| ABOUT THIS EXERCISE |
Using the listing below, give again exactly the lines from the line with "10 pieces (4" to the line with "- Полный — полный", inclusive, without the pictures.

⁂

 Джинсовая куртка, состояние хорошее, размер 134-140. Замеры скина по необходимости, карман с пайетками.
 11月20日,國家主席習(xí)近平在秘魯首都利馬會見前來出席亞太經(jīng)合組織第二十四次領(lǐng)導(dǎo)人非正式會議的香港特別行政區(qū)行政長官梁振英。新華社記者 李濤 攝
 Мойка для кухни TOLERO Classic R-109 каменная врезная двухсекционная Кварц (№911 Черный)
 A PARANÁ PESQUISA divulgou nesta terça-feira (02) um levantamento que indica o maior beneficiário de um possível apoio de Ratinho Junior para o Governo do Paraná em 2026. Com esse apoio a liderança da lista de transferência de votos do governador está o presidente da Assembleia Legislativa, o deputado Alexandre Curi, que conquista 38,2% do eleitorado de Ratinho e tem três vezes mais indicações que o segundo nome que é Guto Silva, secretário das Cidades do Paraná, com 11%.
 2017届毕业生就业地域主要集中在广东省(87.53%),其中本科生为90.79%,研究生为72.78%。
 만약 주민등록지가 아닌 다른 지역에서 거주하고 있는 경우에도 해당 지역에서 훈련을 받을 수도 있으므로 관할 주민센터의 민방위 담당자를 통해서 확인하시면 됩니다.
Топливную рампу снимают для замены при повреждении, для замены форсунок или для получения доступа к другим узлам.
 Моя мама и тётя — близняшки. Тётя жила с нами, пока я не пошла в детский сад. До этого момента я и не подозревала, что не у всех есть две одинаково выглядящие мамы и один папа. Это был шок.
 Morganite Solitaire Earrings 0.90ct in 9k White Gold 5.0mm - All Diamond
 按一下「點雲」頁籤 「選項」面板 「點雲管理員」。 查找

⁂

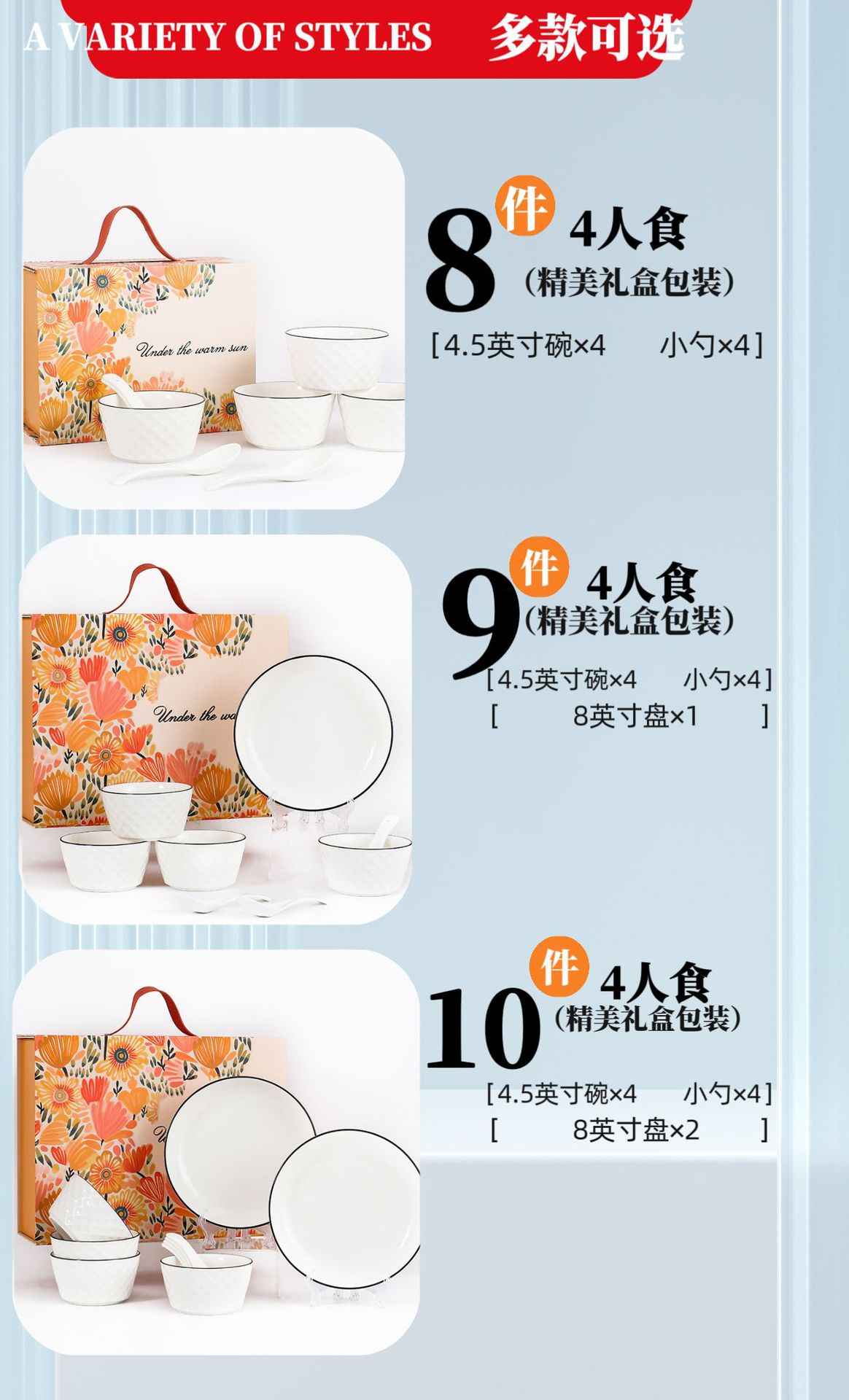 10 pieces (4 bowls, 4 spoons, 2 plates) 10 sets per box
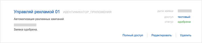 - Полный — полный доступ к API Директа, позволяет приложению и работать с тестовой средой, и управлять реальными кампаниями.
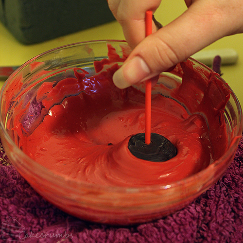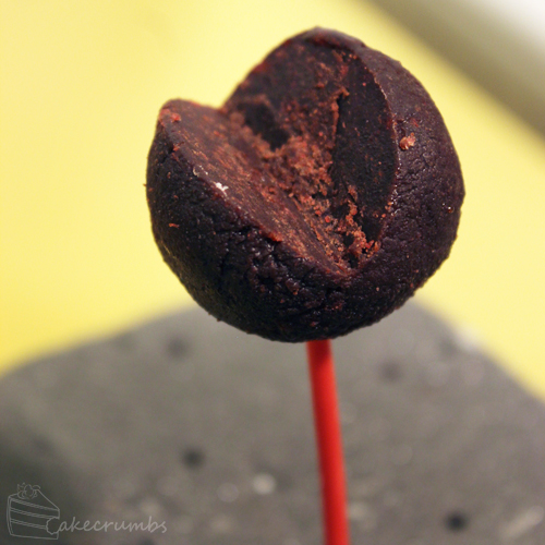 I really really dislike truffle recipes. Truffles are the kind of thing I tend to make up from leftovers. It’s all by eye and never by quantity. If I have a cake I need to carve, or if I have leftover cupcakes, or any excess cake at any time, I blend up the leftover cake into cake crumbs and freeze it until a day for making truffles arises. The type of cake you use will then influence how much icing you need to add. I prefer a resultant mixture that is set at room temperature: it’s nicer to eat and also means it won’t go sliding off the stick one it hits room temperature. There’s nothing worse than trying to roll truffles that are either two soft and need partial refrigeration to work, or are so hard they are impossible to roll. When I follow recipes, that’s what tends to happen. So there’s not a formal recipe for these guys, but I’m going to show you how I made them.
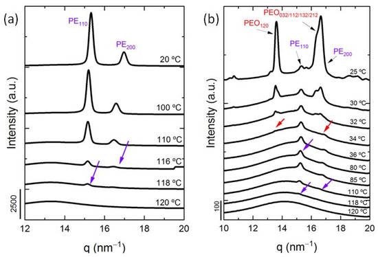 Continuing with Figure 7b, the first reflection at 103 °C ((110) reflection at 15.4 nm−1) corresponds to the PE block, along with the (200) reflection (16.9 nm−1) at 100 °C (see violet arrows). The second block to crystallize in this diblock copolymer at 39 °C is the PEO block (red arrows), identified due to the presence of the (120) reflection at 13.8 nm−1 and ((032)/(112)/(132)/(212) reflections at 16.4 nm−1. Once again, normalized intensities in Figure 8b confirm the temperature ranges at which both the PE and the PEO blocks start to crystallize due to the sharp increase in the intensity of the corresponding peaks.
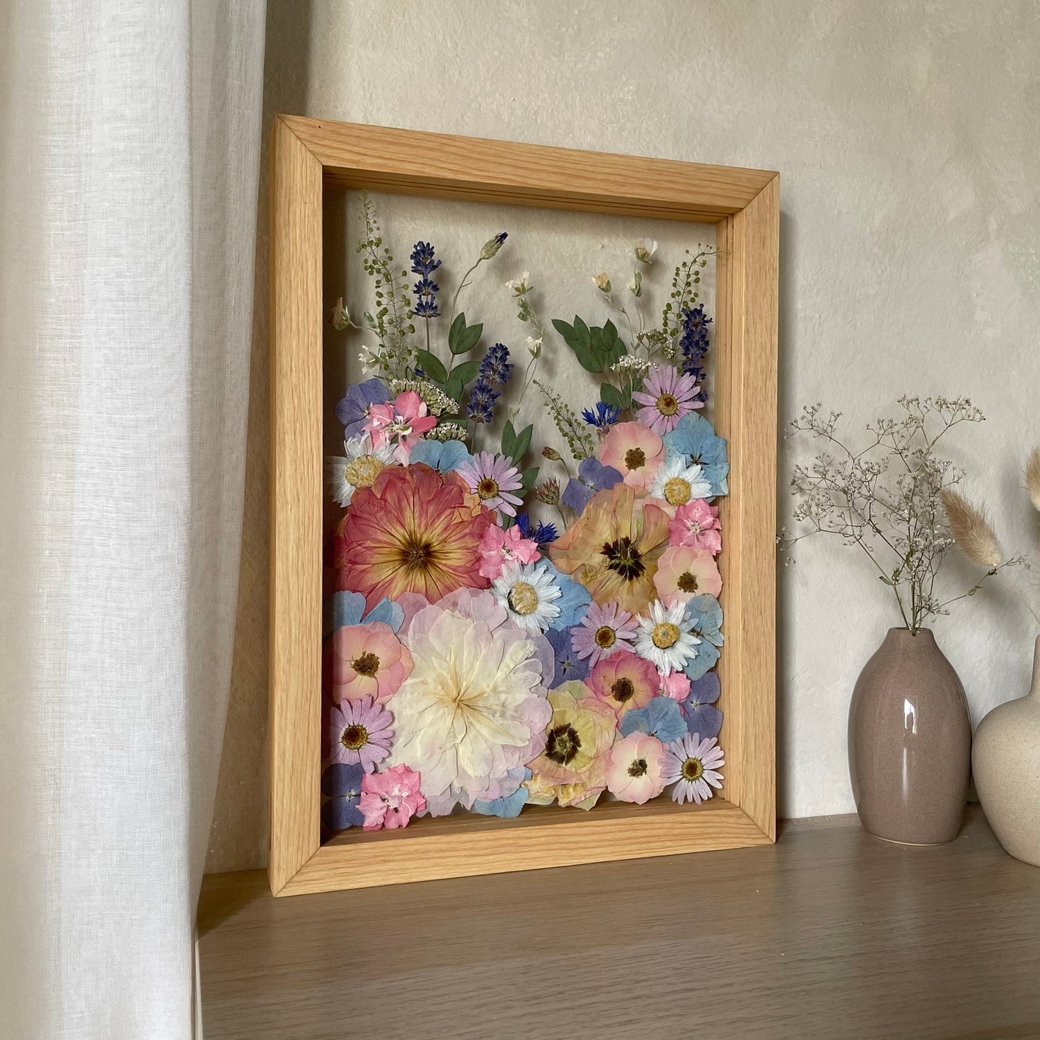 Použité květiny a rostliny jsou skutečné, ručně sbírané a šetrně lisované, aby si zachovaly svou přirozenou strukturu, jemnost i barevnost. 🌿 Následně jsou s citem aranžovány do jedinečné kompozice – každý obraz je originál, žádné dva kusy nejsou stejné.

⁂

| WRITTEN RESPONSE |
 10 pieces (4 bowls, 4 spoons, 2 plates) 10 sets per box
 - Полный — полный доступ к API Директа, позволяет приложению и работать с тестовой средой, и управлять реальными кампаниями.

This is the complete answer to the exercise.